Senior Site Reliability Engineer
High-growth infrastructure company focused on delivering large-scale compute, data centre capacity, and power solutions for advanced machine learning workloads. Platforms support leading research and industry teams requiring high-performance computing at significant scale. Fast-paced environment with emphasis on ownership, execution speed, and quality. Culture centred on pragmatic problem-solving, cross-functional collaboration, and full lifecycle responsibility.
Role Overview:
- Position operating across software, infrastructure, and operations to ensure reliability, scalability, and performance of a globally distributed compute platform.

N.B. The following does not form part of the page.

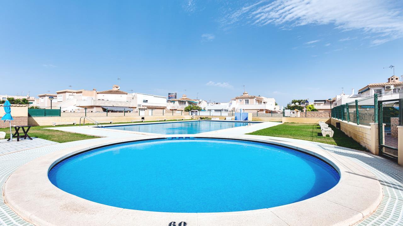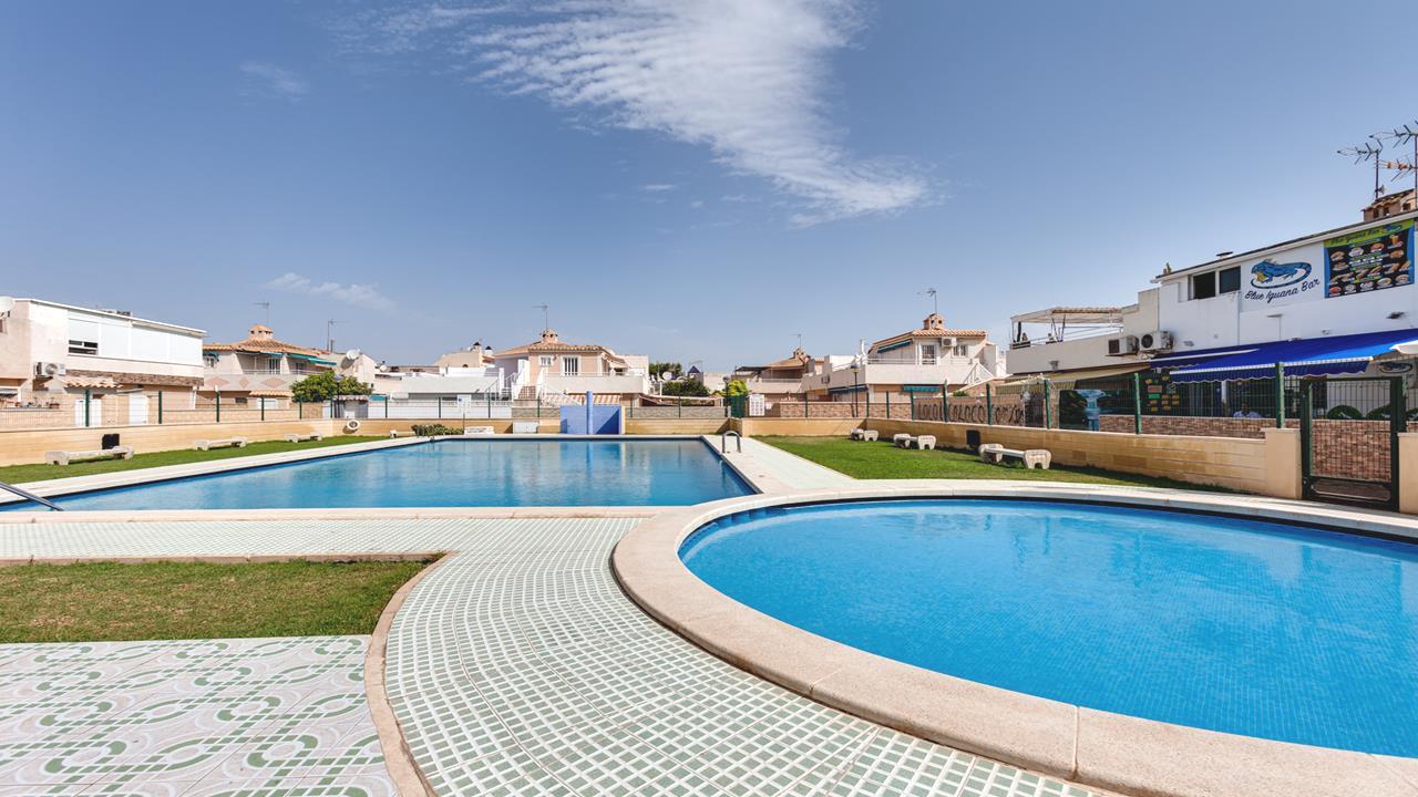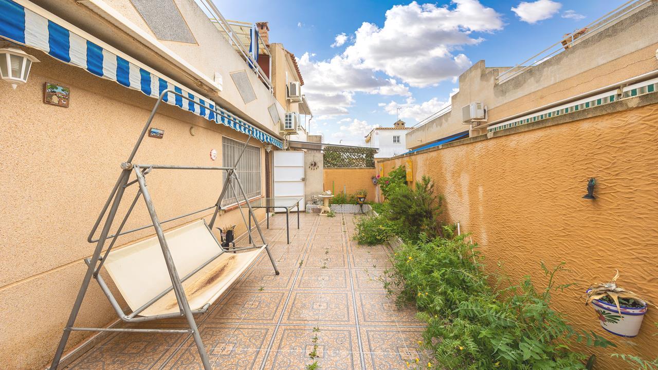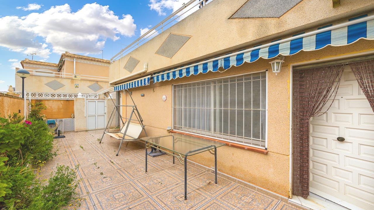 WM17627  --  Torrevieja -  4 Bedrooms Town House with comm. Pool, Terraced Garden & Solarium. - White Villas in Spain presents this Charming Town House in Torrevieja with 4 Bedrooms, Terraced Garden and communal Pool. This cosy and functional townhouse is located in the Doña Inés residential area of ​​Torrevieja, ideal both as a permanent home and for vacation getaways. Despite its compact size, this property is intelligently laid out to take advantage of every corner, offering comfort, privacy, and a Mediterranean lifestyle. With 46m² built on a 47m² plot, this home has 4 bedrooms and 2 bathrooms, making it a perfect option for families, couples in need of extra space, or even as a holiday rental investment. All spaces have been carefully designed and are presented fully furnished, ready to move in from day one. The property has a beautiful private terrace, ideal for enjoying al fresco breakfasts, relaxing moments in the sun, or dinners with friends on warm summer evenings. The interior is equipped with air conditioning and heating, ensuring a comfortable environment year-round, as well as an interior alarm, providing extra security and peace of mind. As part of a well-maintained community, residents can enjoy a magnificent communal pool, perfect for cooling off and socializing during the warmer months. The townhouse also includes a private storage room, providing useful extra storage space. Check it out on our WhiteVillasInSpain site. Located in a well-connected area, with easy access to shops, services, public transportation, and just minutes from the sea, this townhouse offers an excellent quality of life in one of the most popular coastal towns in the province of Alicante. In short, a cozy, functional, and charming property that will allow you to enjoy coastal living with all the comforts.
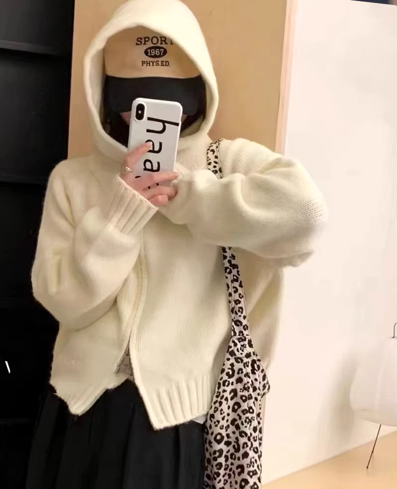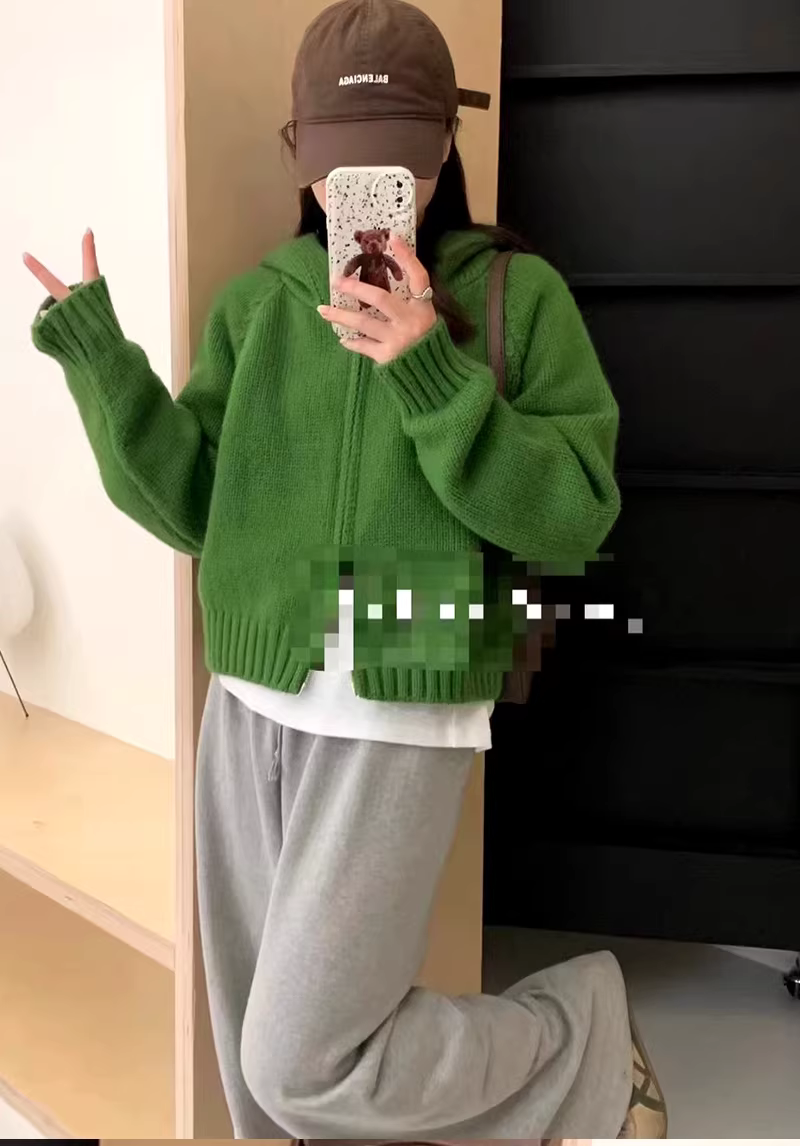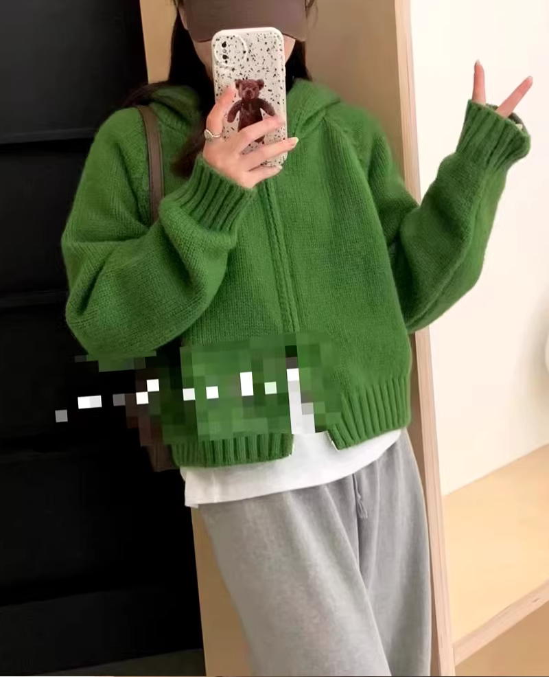 Áo khoác cardigan len dệt kim màu xanh lá cây La Chapelle dành cho nữ, kiểu dáng rộng rãi, phong cách lười biếng, mới mùa thu đông 2025

- Close collaboration with networking, platform engineering, and physical infrastructure teams to design and operate systems supporting high-demand computational workloads.
- Hands-on engineering role requiring strong systems expertise, with responsibility for resolving complex production issues, improving system resilience, and enhancing platform observability.
Responsibilities
- Deployment and management of large-scale compute clusters using automation tooling, with adaptation to customer requirements
- Validation and optimisation of compute, storage, and networking systems in coordination with internal teams and vendors
- Execution of large-scale data migrations between cloud and on-premise environments with focus on efficiency and cost
- Troubleshooting across the full stack, including hardware, networking, and distributed systems
- Development of internal tooling and automation to improve deployment speed, reliability, and operational efficiency
Participation in an on-call rotation required (approximately one week per month).
Key Attributes
- Strong ownership mindset with focus on delivery and accountability
- Experience building maintainable, well-documented systems in complex environments
- Ability to operate effectively in ambiguous and rapidly evolving contexts
- Clear and effective communication skills with collaborative, low-ego approach
Minimum Requirements
- 5+ years of experience in site reliability engineering, DevOps, systems administration, or high-performance computing
- Strong written and verbal communication skills in English
- Experience deploying and operating container orchestration or workload scheduling systems (e.g. Kubernetes or similar)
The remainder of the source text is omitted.